Below is a listing from which only part is wanted; return exactly the lines from the one with "The M-2200IEH-XR Motorcycle" up to and including the one with "Έπιπλο τηλεόρασης επιτοίχιο".

Records supplied –
----

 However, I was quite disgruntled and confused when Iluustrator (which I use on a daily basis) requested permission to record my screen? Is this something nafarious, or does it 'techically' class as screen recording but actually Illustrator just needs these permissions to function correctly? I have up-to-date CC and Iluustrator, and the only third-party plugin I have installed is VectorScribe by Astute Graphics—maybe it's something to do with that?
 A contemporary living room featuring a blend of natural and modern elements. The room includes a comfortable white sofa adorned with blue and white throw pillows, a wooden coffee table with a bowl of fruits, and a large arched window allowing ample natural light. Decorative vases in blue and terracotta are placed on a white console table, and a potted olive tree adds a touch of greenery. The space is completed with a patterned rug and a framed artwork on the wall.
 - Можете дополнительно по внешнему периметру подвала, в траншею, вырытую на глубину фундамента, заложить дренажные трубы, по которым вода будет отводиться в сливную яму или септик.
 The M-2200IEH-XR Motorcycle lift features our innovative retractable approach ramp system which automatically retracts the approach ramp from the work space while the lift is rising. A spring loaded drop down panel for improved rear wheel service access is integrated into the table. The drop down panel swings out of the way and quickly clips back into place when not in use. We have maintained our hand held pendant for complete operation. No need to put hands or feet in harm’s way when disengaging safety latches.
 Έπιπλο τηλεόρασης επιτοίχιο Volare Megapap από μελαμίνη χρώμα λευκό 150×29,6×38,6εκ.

----

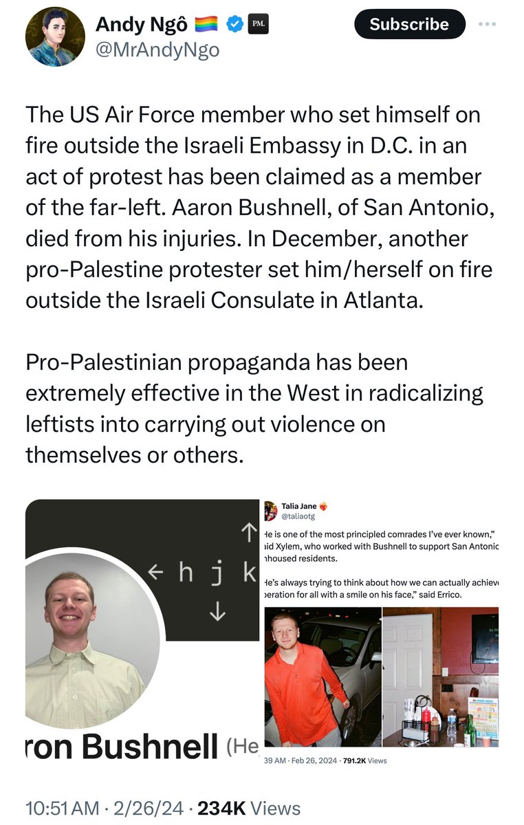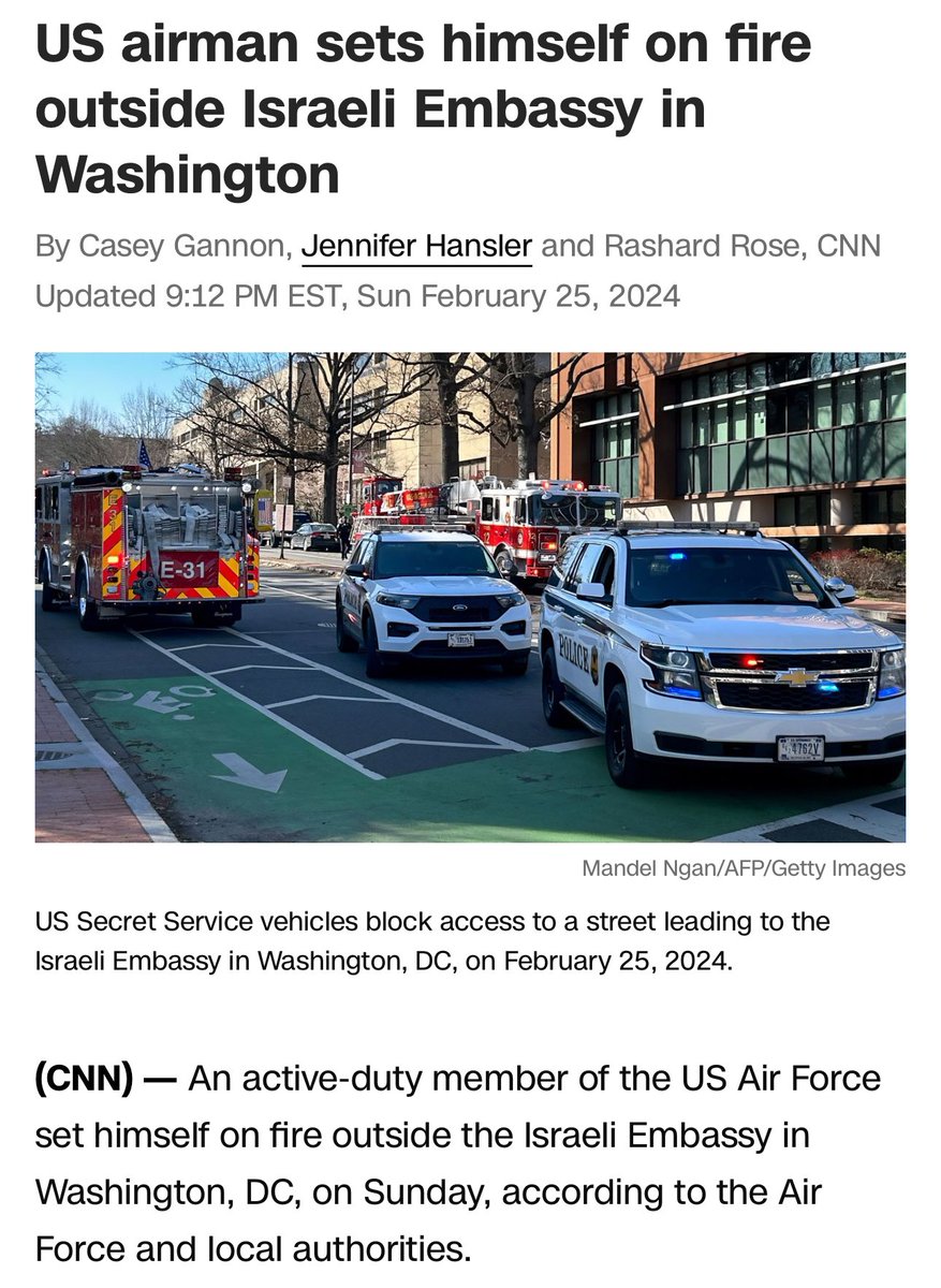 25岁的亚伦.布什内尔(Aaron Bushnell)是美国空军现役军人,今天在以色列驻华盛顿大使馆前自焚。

----

Your response –
 The M-2200IEH-XR Motorcycle lift features our innovative retractable approach ramp system which automatically retracts the approach ramp from the work space while the lift is rising. A spring loaded drop down panel for improved rear wheel service access is integrated into the table. The drop down panel swings out of the way and quickly clips back into place when not in use. We have maintained our hand held pendant for complete operation. No need to put hands or feet in harm’s way when disengaging safety latches.
 Έπιπλο τηλεόρασης επιτοίχιο Volare Megapap από μελαμίνη χρώμα λευκό 150×29,6×38,6εκ.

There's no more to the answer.